Department of Paediatric Immunology, University Hospital for Children `Het WKZ', Utrecht, The Netherlands and
1 Department of Paediatrics, British Columbia Children's Hospital, Vancouver, Canada
Correspondence to:
N. M. Wulffraat, Department of Paediatric Immunology, University Hospital for Children, `HET Wilhelmina Kinderziekenhuis', Utrecht, The Netherlands.
Juvenile chronic arthritis (JCA), the most frequent autoimmune disease of childhood, is not a benign disease. Functional disability occurs in 2030% of patients with JCA and 510% develop a serious handicap [1]. Children with a polyarticular and systemic-onset form are especially at risk.
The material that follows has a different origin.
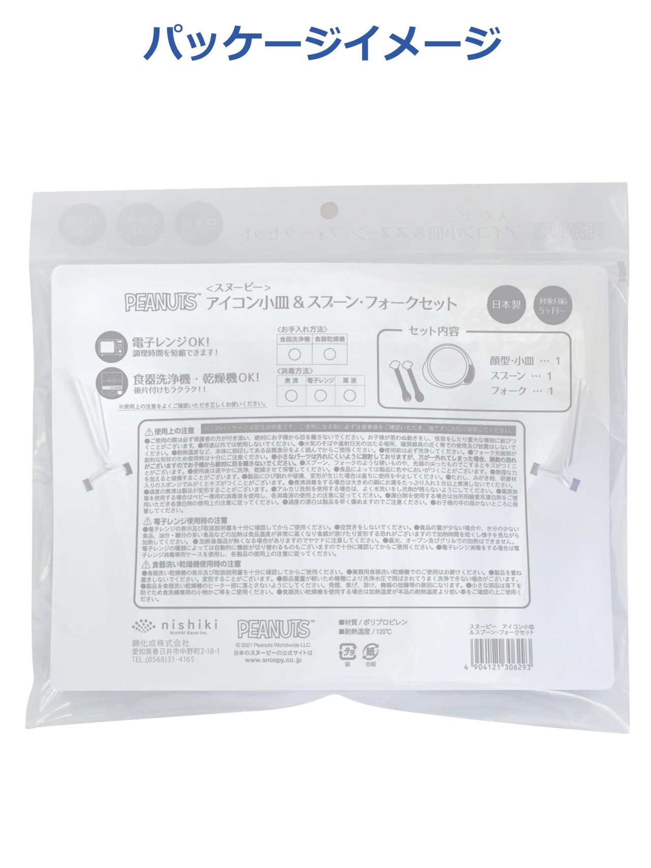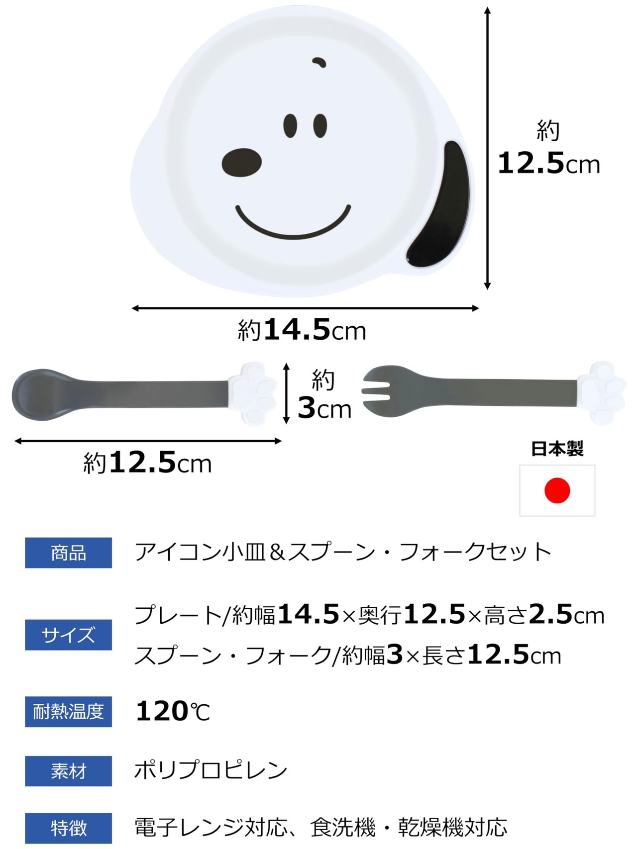 錦化成 お子様プレート スプーン フォーク付き スヌーピー ベビー食器 離乳食 日本製 電子レンジ対応 食洗機・乾燥機対応 約14.5×2.5×12.5cm 小分けにできる

To improve the outcome of these patients is a challenge for paediatric rheumatologists.
To improve disease outcome, immunosuppressive drugs like methotrexate [2], cyclosporin [3] and azathioprine [4] have been introduced in the treatment of JCA. Although these drugs have been proven to be effective in a substantial number of the JCA patients, the disease lingers on and results in more or less serious functional handicaps.
Treatment strategies resembling those used as an induction regimen for haematological malignancies are now being introduced. An example is the treatment regimen built up from methothrexate, pulses of methylprednisolone and cyclophosphamide [5]. The toxicity of this treatment regimen is high and effectiveness has not been proven. Case reports of adult patients with autoimmune diseases treated with autologous or allogeneic stem cell transplantation for a secondary haematological malignancy or bone marrow aplasia showed that patients may be cured of their original `autoimmune' disease [6]. This success motivated rheumatologists and haematologists to use autologous stem cell transplantation (ASCT) for the treatment of autoimmune diseases and there is a rapid expanding experience with ASCT [6]. The advantage of ASCT is that the conditioning treatment leads to radical eradication of mature T cells, while the stem cells are rescued by collecting them in advance. Theoretically, another advantage is that naive T cells should be re-educated after ASCT, resulting in peripheral tolerance. In this way, ASCT should not only be regarded as a heavy immunosuppressive (myeloablative) treatment, but should also induce protective `anti-inflammatory' responses. The experience in the first transplanted children with JCA is in line with this `theoretical concept' [7].
Of course, many questions have to be dealt with. Is ASCT the treatment of choice? After ASCT, the immunogenetic genotype does not change. However, the alternative, allogeneic stem cell transplantation, is not acceptable because of the higher mortality risk in a non-lethal disease. What is the best conditioning regimen? A hot topic is the use of total body irradiation (TBI). In experimental animal models, TBI is necessary to sustain remission [8]. On the other hand, TBI is rather toxic with a risk for infertility, growth retardation and cancer [9]. Another issue is the handling of the graft. Should we deplete for T cells and which method do we use for depletion [10]? Last, but not least, is the question whether we should use bone marrow as a source of stem cells or pure blood. The latter method certainly has advantages. Collection is much easier and in general more stem cells can be harvested. However, the patient should be pre-treated with G-CSF, which in theory could worsen the disease and, especially in the systemic-onset form, the risk of inducing macrophage-activating syndrome.
In this issue of Rheumatology, many experts are invited to give their opinion on the above-mentioned questions. Of course, we cannot solve all the answers at this stage, but the experience in experimental models and of the use of bone marrow (stem cell) transplantation in haematological malignancies can direct our way.
In this issue, the first results are presented after ASCT of four children with JCA [7], one child with systemic scleroderma [11] and patients with systemic lupus erythematosus [12]. Although the follow-up period is rather short, the first results are promising. Of course, long-term follow-up is necessary to determine the real place of ASCT in the treatment of these autoimmune diseases.
In May, during the `First workshop on the use of autologous stem cell transplantation in rheumatic diseases of childhood', we reached consensus about inclusion criteria for JCA, the conditioning regimen and graft handling, which is published in this issue [13]. It is important that we restrict ourselves to a very limited number of protocols, so we can really compare and evaluate the results. The articles in this issue are the result of a workshop where many paediatric rheumatologists and haematologists have discussed the major topics of ASCT.
In the near future, consensus has to be reached on other autoimmune diseases of childhood, e.g. scleroderma and systemic lupus erythematosus.